Transcript of Proeftentamen 3 Levewi

  • Proeftentamen3_LVW 1

    Proefdeeltentamen 3 Levensverzekeringswiskunde

    Theorie: H1 t/m H6 met nadruk op H5 en H6.

    Opgave 1.

    Een 30-jarige man en een 28-jarige vrouw sluiten een direct ingaande prnumerando overlevingsverzekering ten behoeve van de vrouw af van 25.000 per jaar tegen premiebetaling gedurende 30 jaar.

    a) Geef de formule in symbolen waarmee de premie berekend kan worden die de man en de vrouw voor deze verzekering jaarlijks moeten afdragen.

    Ga er van uit dat de premie 3250 per jaar bedraagt.

    b) Geef de formule in symbolen waarmee de voorziening na 1 jaar berekend kan worden indien beide personen nog leven.

    c) Geef de formule in commutatietekens waarmee de voorziening na 1 jaar berekend kan worden indien beide personen nog leven.

    d) Bereken die voorziening.

  • Proeftentamen3_LVW 2

    e) Is er sprake van sterftewinst of sterfteverlies. Motiveer uw antwoord dmv een berekening.

    f) Geef de formule in symbolen waarmee de voorziening na 1 jaar berekend kan worden indien de man overleden is.

    g) Geef de formule in commutatietekens waarmee de voorziening na 1 jaar berekend kan worden indien de man overleden is.

    h) Bereken die voorziening.

    i) Is er sprake van sterftewinst of sterfteverlies. Motiveer uw antwoord dmv een berekening.

    Zie ommezijde

  • Proeftentamen3_LVW 3

    Opgave 2.

    Een verzekeraar wil het risico dat hij loopt bij een onverwachte situatie (bv een overlijden van een vrouw bij een erfrenteverzekering) dekken door een verzekering bij een andere verzekerings-maatschappij af te sluiten.
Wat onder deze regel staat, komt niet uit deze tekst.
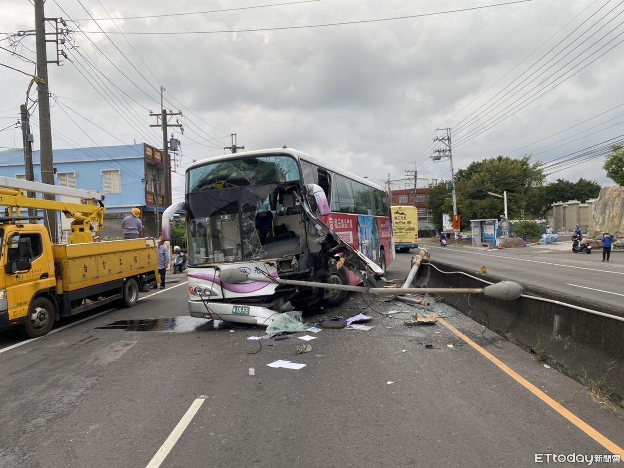 ▲國光客運公司大巴士在佳冬鄉台17線路段撞紐澤西護欄,車頭受損 。(圖/記者陳崑福翻攝,下同)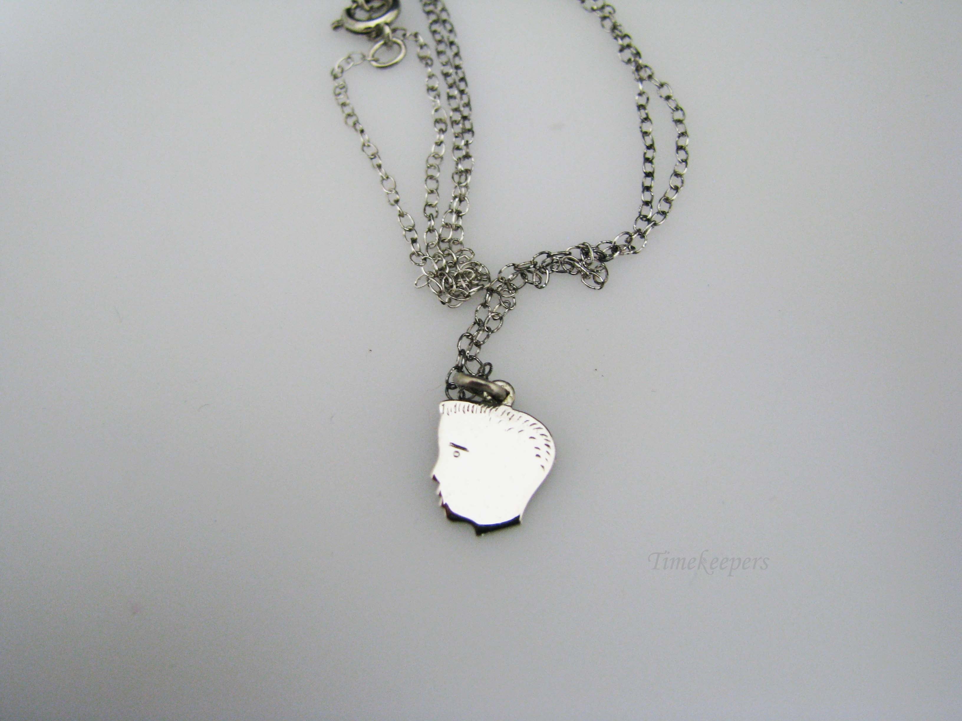 j111 Vintage Sterling Silver Silhouette Boy Head Pendant with Chain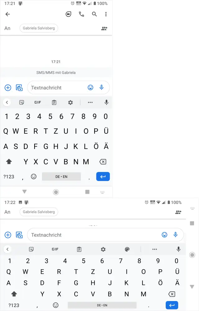 Drehen Sie das Smartphone vorübergehend in die Horizontale. Damit wird zwar der obere Teil der Displayanzeige verkleinert, aber die Tastatur wird in die Breite gezogen. Damit vergrössern sich die Abstände zwischen den Buchstaben. Das könnte die Treffsicherheit etwa bei einer Passworteingabe erhöhen.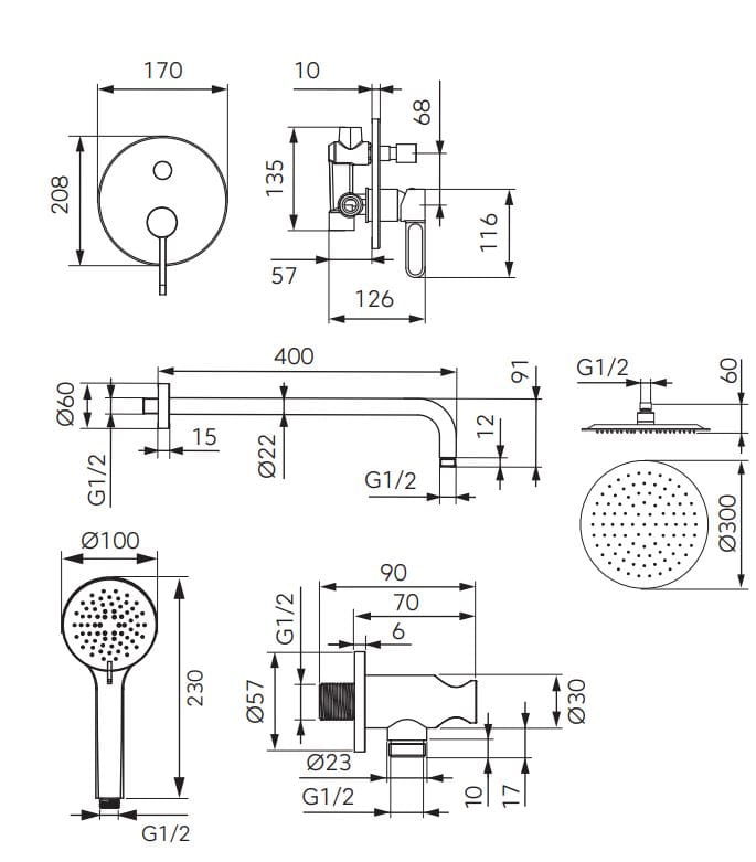 - bateria podtynkowa 2-funkcyjna z przełącznikiem deszczownica/rączka natrysku

Daarvoor sluit hij bij die andere verzekeringsmaatschappij een 10 jaar durende risicoverzekering af van 500.000 op een 30-jarige man direct uit te keren indien de man overlijdt.

    a) Geef de formule in symbolen waarmee de koopsom voor deze verzekering berekend kan worden.
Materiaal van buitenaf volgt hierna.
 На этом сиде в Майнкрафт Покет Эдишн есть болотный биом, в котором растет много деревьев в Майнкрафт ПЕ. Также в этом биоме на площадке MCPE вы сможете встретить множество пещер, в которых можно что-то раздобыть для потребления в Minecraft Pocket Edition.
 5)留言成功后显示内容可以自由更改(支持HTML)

    b) Geef de formule in commutatietekens waarmee koopsom voor deze verzekering berekend kan worden.

    c) Bereken die koopsom.

    Veronderstel dat de verzekeringsmaatschappij een levenslange risicoverzekering had afgesloten van 400.000 op een 32-jarige vrouw uit te keren aan het einde van het jaar van haar overlijden.

    d) Geef de formule in symbolen waarmee de koopsom voor deze verzekering berekend kan worden.

    Zie ommezijde

  • Proeftentamen3_LVW 4

    e) Geef de formule in commutatietekens waarmee de koopsom voor deze verzekering berekend kan worden.

    Opgave 3.

    Een 35-jarige man treedt toe tot een pensioenregeling tegen een pensioengrondslag van 35.000. Op zijn 50e jaar wordt de pensioengrondslag verhoogd tot 65.000. Het opbouwpercentage bedraagt 2%. Het pensioen gaat in op zijn 57e en wordt maandelijks uitgekeerd.

    a) Bereken zijn totale Pensioenrecht indien het Eindloonstelsel gehanteerd wordt.

    De pensioenrechten worden zeker gesteld door ze bij een verzekeraar onder te brengen dmv een betaling in de vorm van een Koopsom.

    b) Geef de formule in symbolen waarmee de koopsommen van respectievelijk jaar 1, jaar 2 en die van jaar 16 (als de man 50 is) berekend kunnen worden.

    c) Geef de formule in commutatietekens waarmee de koopsommen berekend kunnen worden.

    Zie ommezijde

  • Proeftentamen3_LVW 5

    Opgave 4.

    Een 30-jarige vrouw treedt toe tot een pensioenregeling tegen een pensioengrondslag van 25.000. Op haar 45e jaar wordt de pensioengrondslag verhoogd tot 45.000. Het opbouwpercentage bedraagt 1 %. Het ouderdomspensioen gaat in op haar 60e en wordt maandelijks uitgekeerd. Haar man is 2 jaar ouder. Het nabestaandenpensioen bedraagt 70% van het ouderdomspensioen en gaat direct na het overlijden in.

    a) Bereken het totale Pensioenrecht van de vrouw indien het Middelloonstelsel gehanteerd wordt.

    b) Bereken de grootte van het nabestaandenpensioen.

    c) Geef de formule in symbolen waarmee de premie van het nabestaandenpensioen berekend kan worden.

    d) Geef de formule in commutatietekens waarmee de premie van het nabestaandenpensioen berekend kan worden.